For this project, however, we needed an approach that aligns closely with human judgment and is explainable—for example, this email should include certain key points and avoid others.
Instead of relying on a single success metric, we aimed for a more fine-grained assessment of quality, focusing on three key dimensions:
- Recall – Does the generated response include all the essential information it’s supposed to?
- Precision – Does it avoid introducing unnecessary or irrelevant details?
- Accuracy – Does it convey correct and factual information?
Evaluation framework
The first step was to define the appropriate unit of measurement. We considered several options:
- Atomic facts – Highly granular, allowing detailed tracking of individual facts for precision and recall[3].
- Statements or subjects – Aligns more closely with how human reviewers assess content (e.g., “Did it mention the return window?”)[6].

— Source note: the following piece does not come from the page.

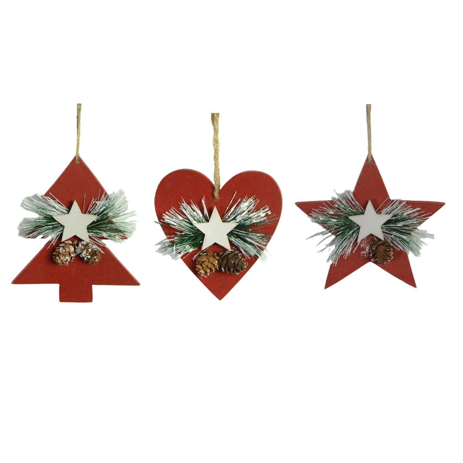 Addobbo legno rosso 3 assortiti cm11x3x11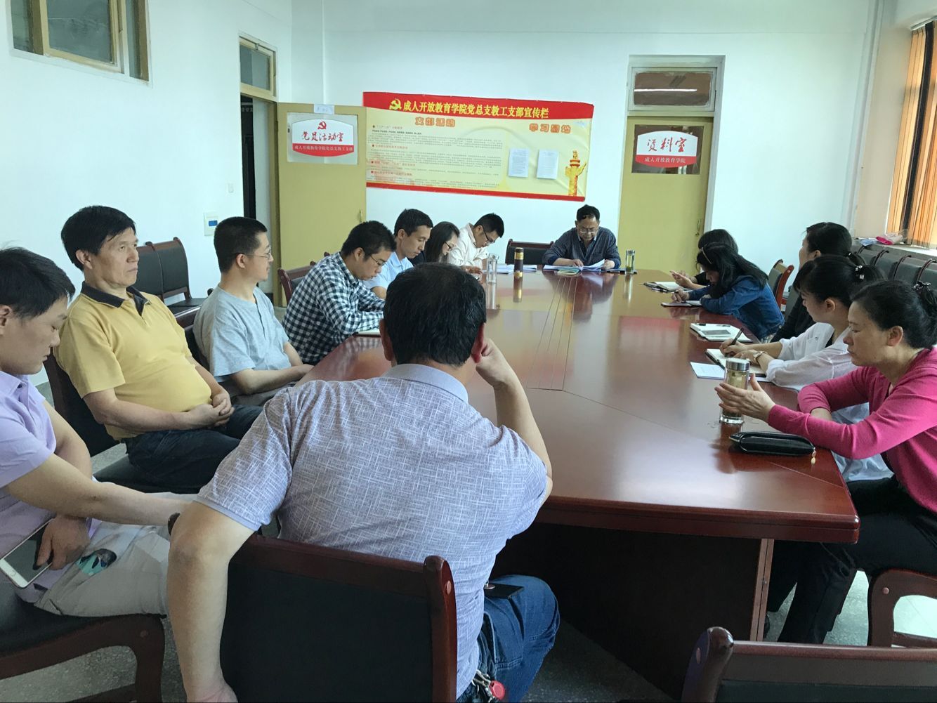 5月18日上午9点,开放教育学院全体职工在三楼党员活动室集中学习中国共产党贵州省第十二次代表大会精神,会议由郝致清院长主持。

- Whole answer – Quicker to evaluate, but too coarse to distinguish between missing information, factual errors, or verbosity[7].

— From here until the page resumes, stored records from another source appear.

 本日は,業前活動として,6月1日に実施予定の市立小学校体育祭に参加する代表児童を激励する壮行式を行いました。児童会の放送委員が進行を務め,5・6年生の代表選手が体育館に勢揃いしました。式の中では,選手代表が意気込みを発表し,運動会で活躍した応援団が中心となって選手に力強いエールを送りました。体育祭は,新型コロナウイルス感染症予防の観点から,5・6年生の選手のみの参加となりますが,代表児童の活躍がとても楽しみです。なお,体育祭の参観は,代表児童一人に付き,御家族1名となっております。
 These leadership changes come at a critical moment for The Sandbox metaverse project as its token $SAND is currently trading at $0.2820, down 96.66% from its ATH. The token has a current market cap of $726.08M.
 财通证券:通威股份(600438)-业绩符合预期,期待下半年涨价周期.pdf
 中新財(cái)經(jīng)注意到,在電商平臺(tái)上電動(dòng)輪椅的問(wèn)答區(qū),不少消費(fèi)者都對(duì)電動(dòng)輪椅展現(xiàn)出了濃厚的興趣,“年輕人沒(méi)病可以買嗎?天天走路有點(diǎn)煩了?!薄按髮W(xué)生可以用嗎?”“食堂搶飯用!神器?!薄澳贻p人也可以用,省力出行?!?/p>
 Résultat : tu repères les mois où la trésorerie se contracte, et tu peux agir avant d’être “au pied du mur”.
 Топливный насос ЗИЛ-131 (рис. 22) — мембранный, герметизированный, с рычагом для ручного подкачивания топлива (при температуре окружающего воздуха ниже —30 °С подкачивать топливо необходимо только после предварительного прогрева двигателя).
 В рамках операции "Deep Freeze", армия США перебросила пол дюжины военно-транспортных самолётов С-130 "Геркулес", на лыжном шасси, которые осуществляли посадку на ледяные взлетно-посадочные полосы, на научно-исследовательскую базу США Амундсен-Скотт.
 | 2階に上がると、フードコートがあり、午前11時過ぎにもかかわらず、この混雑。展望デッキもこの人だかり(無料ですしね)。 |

We chose to measure responses at the statement level, as this provides a practical balance between granularity and interpretability. While atomic facts offer a more fine-grained approach, they proved too detailed for our purposes. Instead, we use units like “Identity document: received and accepted on June 29, 2025,” which bundle multiple atomic facts into a single, coherent statement. This abstraction allows us to meaningfully compute precision, recall, and accuracy for each draft.
One of the main reasons we favor statements over atomic facts is that they allow us to evaluate the metrics based on meaningful subjects rather than incidental details. For instance, if the expected statement is “mortgage received” and the generated draft says “mortgage received on July 15, 2025,” we don’t want to penalize precision just because an additional—but accurate—detail was included. Evaluating at the statement level ensures we capture the essential information without punishing valid elaboration.

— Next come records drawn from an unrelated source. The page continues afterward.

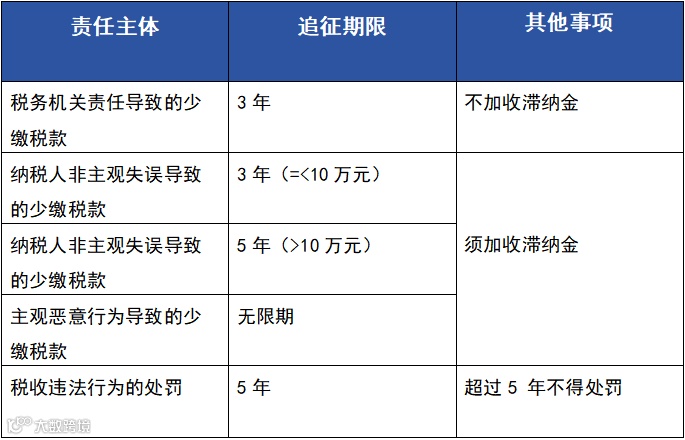 根据《税收征收管理法》规定: 因税务机关的责任,致使纳税人、扣缴义务人未缴或者少缴税款的,税务机关在三年内可以要求纳税人、扣缴义务人补缴税款,但是不得加收滞纳金。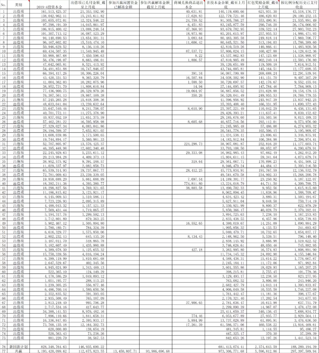 ◆  因为从平台角度,“按月统计”数据必须以2019.4.15时的在投出借人作为存量出借人来统计“累计收回的利息”、“红包”、“催收协商减免本金”、“第三方催收费用”等相关数据,所以汇总统计中无法加入因债转退出引起的相关数据的变化。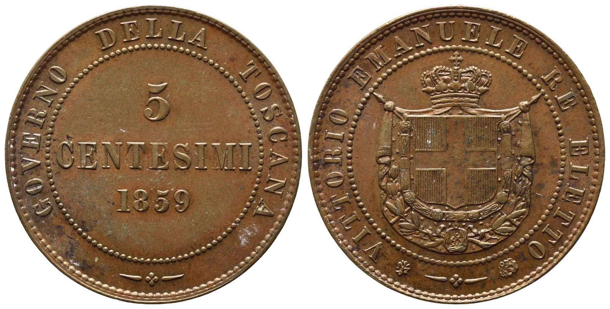 RE ELETTO. Vittorio Emanuele II (1859-1860). 5 centesimi 1859. Cu. SPL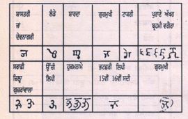 ਪੰਜਾਬ ਦੀਆਂ ਹੋਰ ਲਿਪੀਆਂ ਤੇ ਲਿਖਤਾਂ ਦਾ ਟਾਕਰਾ ਗੁਰਮੁਖੀ ਦੇ ‘ਜ’ ਅੱਖਰ ਨਾਲ ਹੇਠਾਂ ਦਿੱਤੀਆਂ ਸਾਰਣੀਆਂ ਅਨੁਸਾਰ ਹੈ––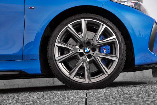 The front and side air inlets, exterior mirror caps and the 100-millimetre exhaust tailpipes in Cerium Grey underscores its status as the sporting flagship of the range. The sporty compact model comes with the newly designed 19-inch light alloy wheels in V-spoke Style 557 M Bicolour. At the rear, three-dimensional two-part taillights with the classic BMW L-shape emphasise the vehicle’s width. The BMW M135i xDrive comes exclusively with a BMW M rear spoiler.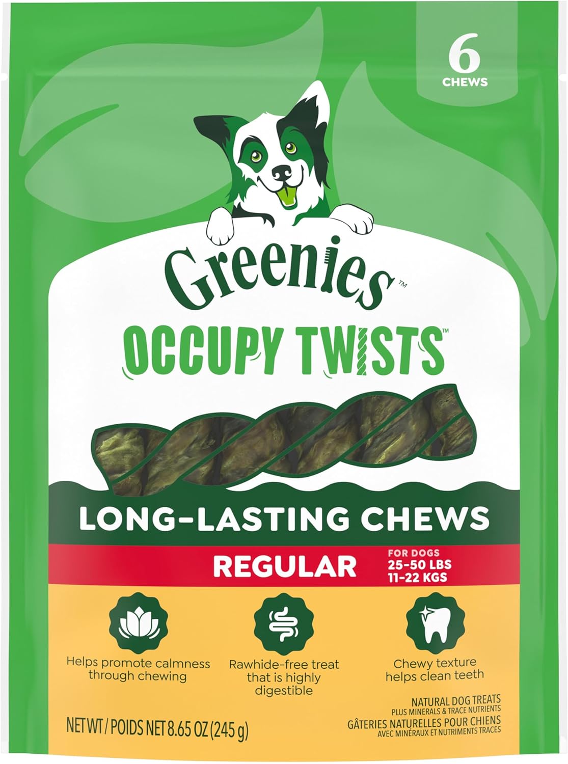 Whether your dog needs a treat or something to keep them occupied, Greenies Occupy Twists All Natural Dog Treats can help your furry friend feel engaged and relaxed as they chew. These rawhide-free dog chews long-lasting pet treats are made with natural ingredients plus minerals and trace nutrients. The dog chews are crafted into a twist shape and help promote calm behavior through chewing, making this a great choice for dogs who need a little relaxation. These dog dental chew sticks are formulated without fillers or artificial flavors. The easy-to-digest formula is made with real chicken, so you can feel confident giving these chewy treats for dogs twice per week, and your furry friend will enjoy the tail-wagging flavor. Plus, Greenies Occupy Twists chicken dog treats reduce plaque build-up, so you can incorporate them into their regular dog teeth cleaning routine for dental hygiene and dental care. Whether dog owners are looking for a way to keep your dog occupied or just want to give them a tasty teeth-cleaning reward, Greenies Occupy Twists Natural Long Lasting Dog Treats Chicken Flavor are the mouth-wowing treat you're looking for. Make Health A Treat!

That said, we recognize the trade-off: this approach shifts the responsibility of determining whether a full statement is correct onto the comparison mechanism itself, which must make a holistic judgment rather than relying on fact-level granularity.
Extracting statements
With the unit of measurement defined, the next step was to compare the statements in each generated email draft against a manually curated list of reference statements—what we refer to as expected statements. These statements capture only the essential product-related content and intentionally exclude generic or conversational phrases such as “Hope you are doing well,” “I’m here to help,” or “Don’t hesitate to contact us.”
Example of expected statements:
"ID document not received",
"mortgage document not received",
"education not complete",
"estimate issued but not accepted",
"next steps: check dashboard regularly and complete required tasks"
The next task was to extract comparable statements from the generated responses. For this, we used the gpt-4.1 model with a carefully crafted prompt that described the specific subjects we care about—such as identity verification, mortgage documents, appraisal status, etc. This guided the model to ignore irrelevant or boilerplate content and focus only on the information that matters. We refer to the output of this step as generated statements.
Comparing statements
To compare generated statements with expected statements, we adopted an annotation approach inspired by[2]. The process involved labeling each statement based on its correspondence and correctness:
- For each generated statement, we assigned one of the following labels:
- R – Relevant and correct: Matches an expected statement.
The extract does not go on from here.